Reviewer is Joan Baum
Head Wounds by Chris Knopf is published by The Permanent Press.

People do fall in love with fictional characters – my own early passion was Hamlet – but that was way back when. A time Shakespeare’s Cleopatra called her “salad days,” when she was green in judgment and cold in blood. Put on some years, rack up experience and it’s easy for middle-age affections to shift to someone like Sam Acquillo, the smart, combative and cynical protagonist of Chris Knopf’s new novel, Head Wounds, the third book in his Hamptons Mystery series.

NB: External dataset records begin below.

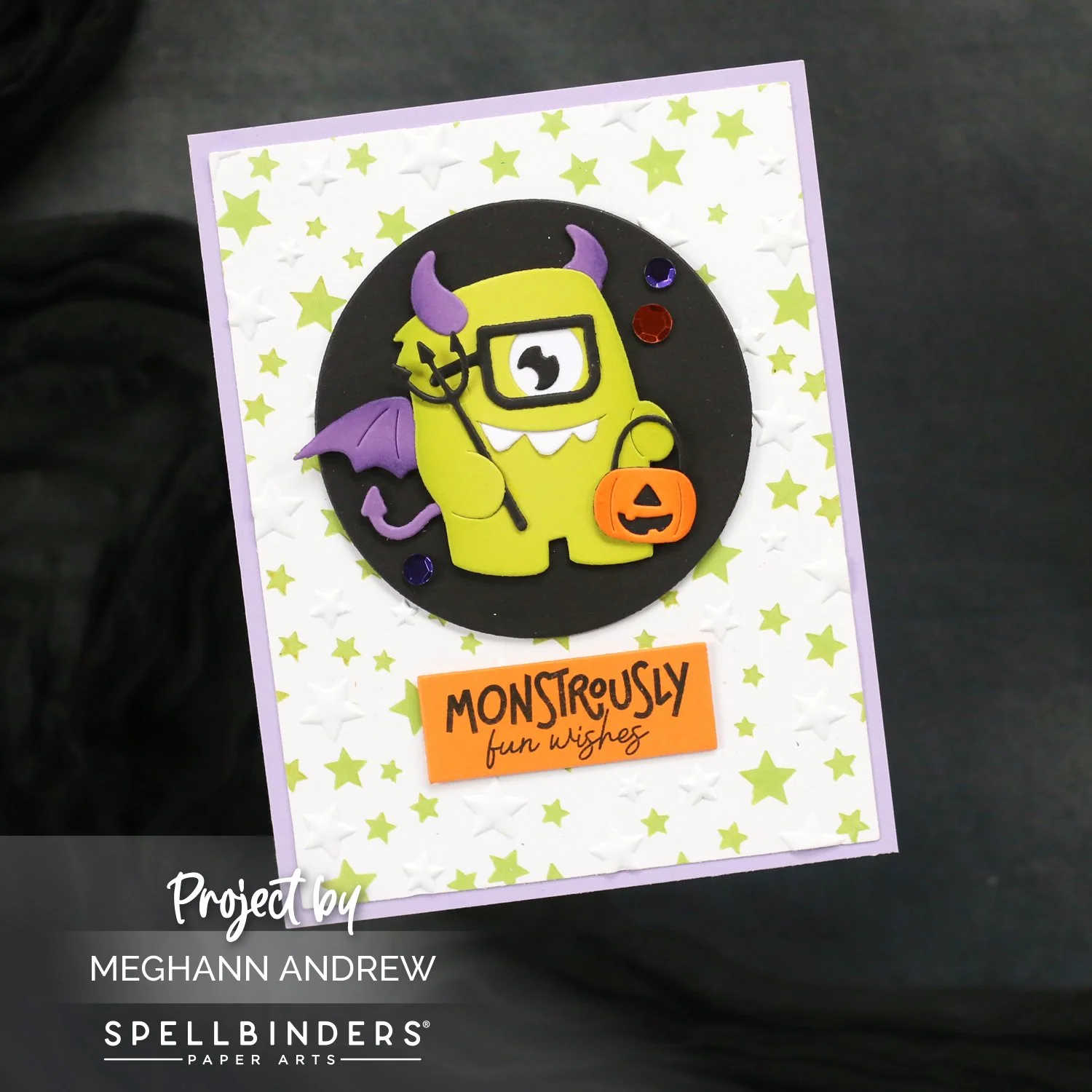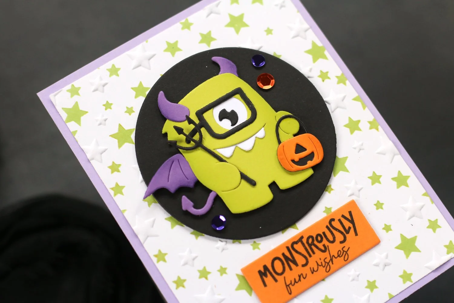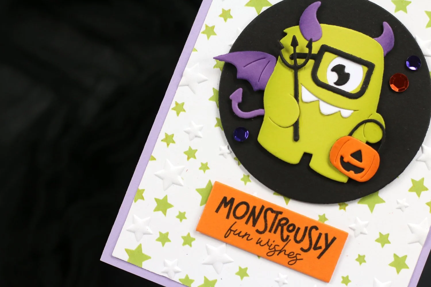 Take a look at the monstrously sweet card that I put together with the day nine die set: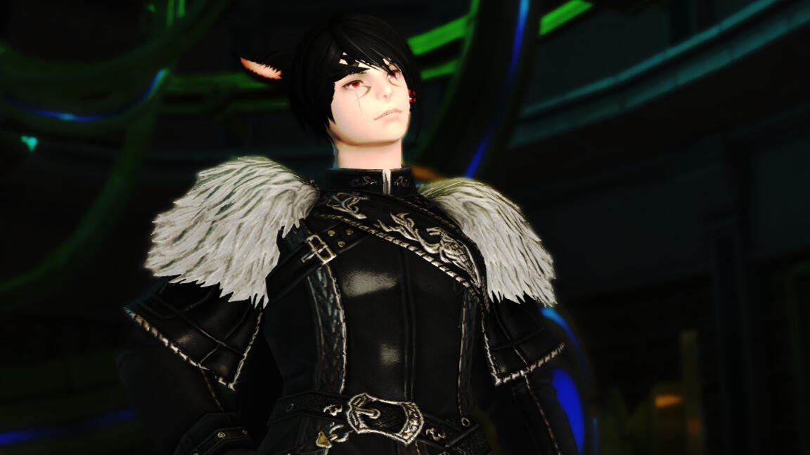 Black hair, befitting of his given name.Dark red eyes, the mark of Allagan royalty.Usually wears dark clothing of Allagan or magitek design.Usually wears glasses in more casual settings and goggles or masks in combat settings.Usually can be seen with a neutral expression.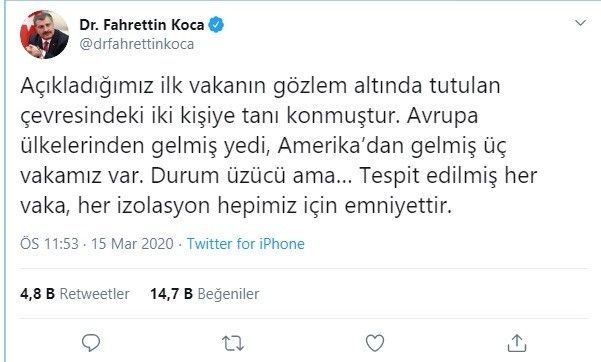 Sağlık Bakanı Koca, sosyal medya hesabından yaptığı açıklamada, ”Açıkladığımız ilk vakanın gözlem altında tutulan çevresindeki 2 kişiye tanı konmuştur. Avrupa ülkelerinden gelmiş 7, Amerika’dan gelmiş 3 vakamız var. Durum üzücü ama tespit edilmiş her vaka, her izolasyon hepimiz için emniyettir” dedi.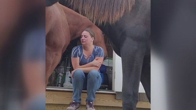 Not all viral moments are loud or dramatic. Some arrive gently, almost unnoticed at first, and then slowly make their way into people’s hearts. One such moment came from a simple video shared online, showing a brown horse named Shiner approaching his caregiver, Shania, as she stood overwhelmed with emotion. She was going through a divorce and preparing to move that very day, carrying the weight of change quietly on her shoulders.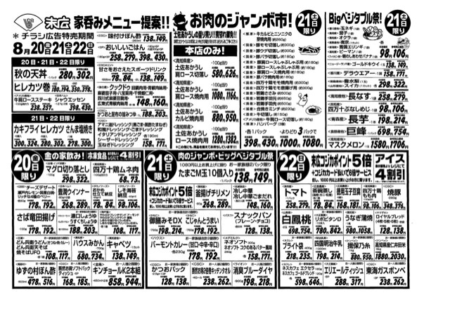 【末広チラシ情報】ネットでチラシを確認できます。 8月20日から8月22日のチラシは「家飲みメニュー提案!!ヒレカツ巻194円」 http://ow.ly/O7CV50FTKbl pdf(328kB) -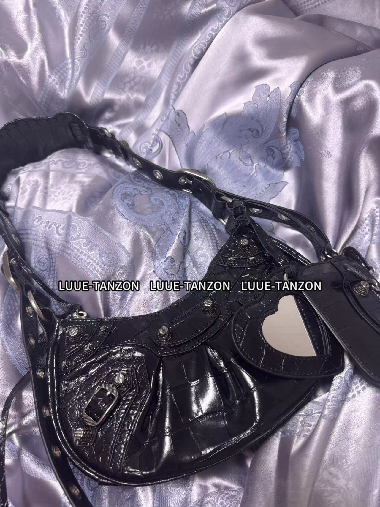 随包配备的小卡包及爱心小镜子很好的中和了铆钉带来的硬朗感,多了一丝丝可爱气息,甜酷女孩必备啦!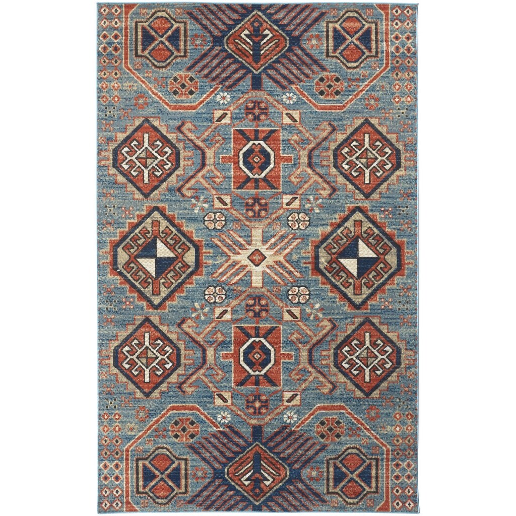 HomeRoots 2' X 3' Blue Red And Tan Abstract Power Loom Distressed Stain Resistant Area Rug - 2' x 3'

I fell for Sam three years ago, the first time he came to life in Knopf’s literate, smart-talking and suspenseful The Last Refuge, and renewed my attraction to him in the sequel, Two Time. In Head Wounds Sam is 54, as argumentative and sarcastic as ever, but a guy who likes to read Kant on the back porch of his parents’ old cottage on Little Peconic Bay, seeking “the comfort of anonymity” when not the “solace of organized brutality,” working out in a gym. An engineer, an MIT grad, former CEO, and boxer, who gave it all up many years ago when he walked away from his hi-test wife and job and became a carpenter on The East End, Sam refers to himself laconically as a “recovering empiricist,” a “novitiate in the ways of bewildered anguish.” Knopf can really turn a good phrase.

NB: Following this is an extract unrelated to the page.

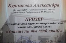Мәктәп укучыларының «Туган ягыңны беләсеңме? " муниципаль туристик-туган якны өйрәнү олимпиадасы призерларын Локтев Данил ., Курников Александра., Бычков Эдуард., Рәхимова Светлана., Пальчик Елизаветаны чын күңелдән котлыйбыз.». Укытучылары - Хәмидуллина Ә. Н., Гиздатуллина И. И., Ившина И. Г. Афәрин!!!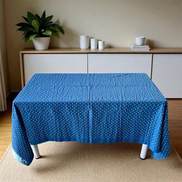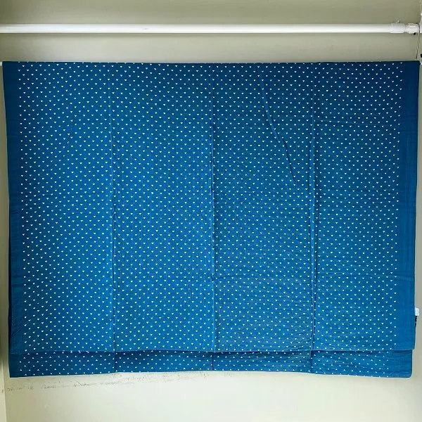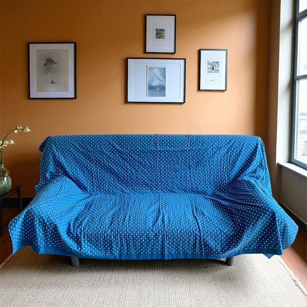 【*フリークロス トレイル ステッチネイビー インド綿100% ベッドカバー ソファーカバー シングル マルチクロス カーテン 間切り 水色ドット km031】

In Head Wounds Sam is older but no wiser. As he admits, he’s good at “resignation and denial,” and even better at “avoiding emotional conflict.” And he’s still knocking back an incredible number of Absoluts every day, many of them in his favorite Sag Harbor bar, and tooling around in his beloved `67 Grand Prix with Eddie Van Halen at his side. Not the rocker. A dog.  And romancing the beautiful, quirky Amanda Anselma, a neighbor on Peconic Bay, as both get caught up again in money-madness murder, and what Sam calls the “weird social ecosystem of the Hamptons,” a place “plagued” with sophistication. Only this time it’s Sam who’s the prime suspect. With good reason.  

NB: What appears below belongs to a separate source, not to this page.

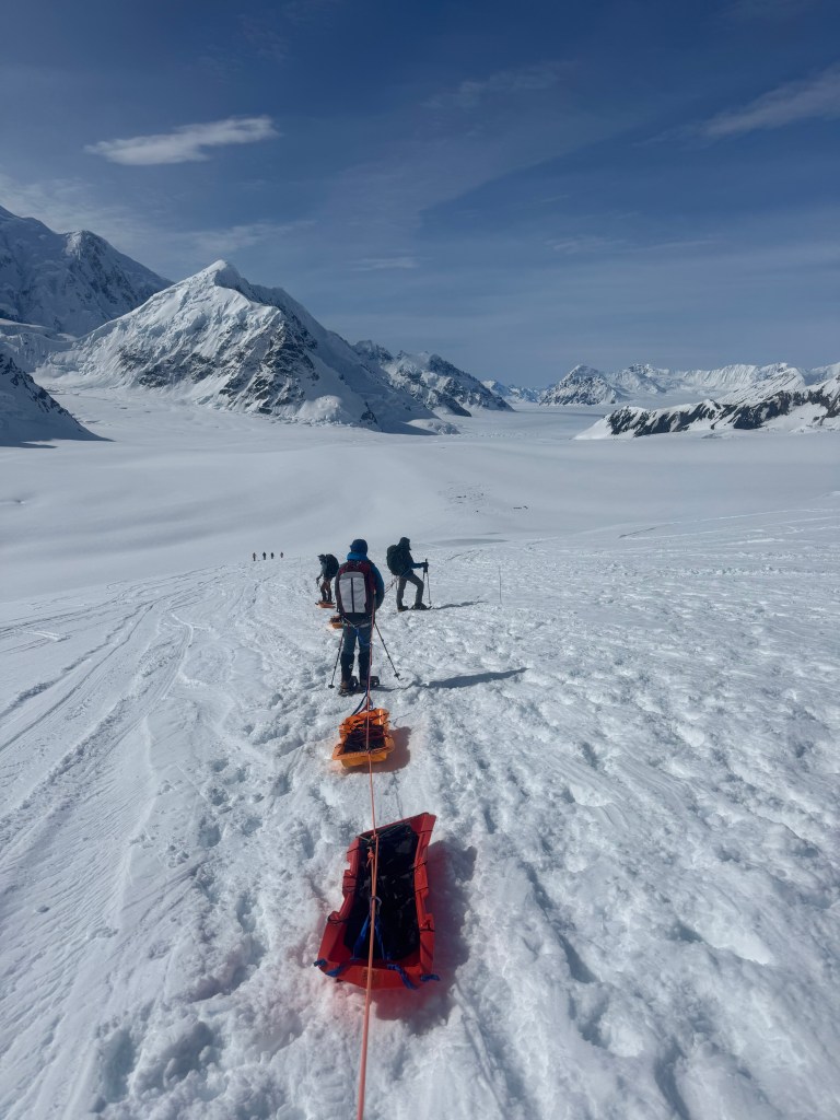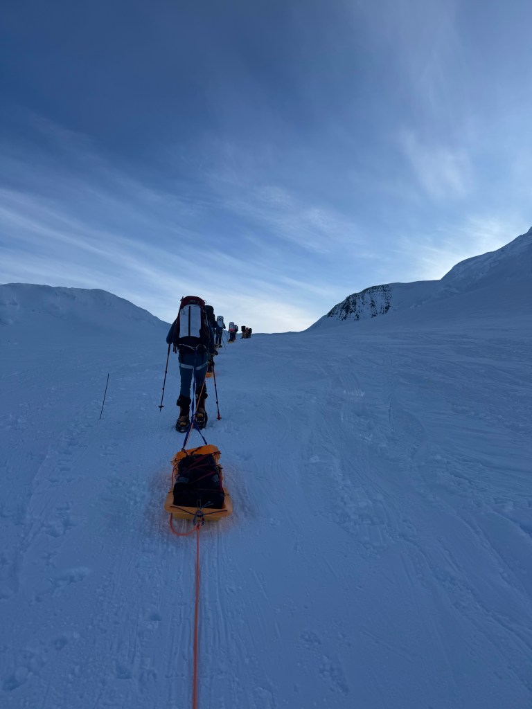 After we turned around it was near empty backpacks, and empty sleds. Controlling the sleds, as we quickly made our return to Camp was “fun”.

Head Wounds also brings back some of Sam’s wonderful side kicks—his slightly ditzy but smart female lawyer, his supportive super-rich Maidstone Club friend, and his black doctor buddy from Southampton Hospital. Though Knopf knows how to craft a compelling tale, it’s really the characters and the setting that make his books distinctive. The action takes place in May when warmer weather means restaurant tables near open doors, so many of them, Sam says, “they could have been traded on the commodities market.” And how Hamptons, when Sam comes across an office plaque announcing: “Construction Management, Floors Refinished and Installed, Real Estate, Fine Arts.”

I don’t know how long Knopf can keep Sam vertical and The East End awash in dead bodies, but at the moment I am contemplating bumping off Amanda, picking up a fifth of vodka, along with some dog biscuits, and heading over to Sam’s place.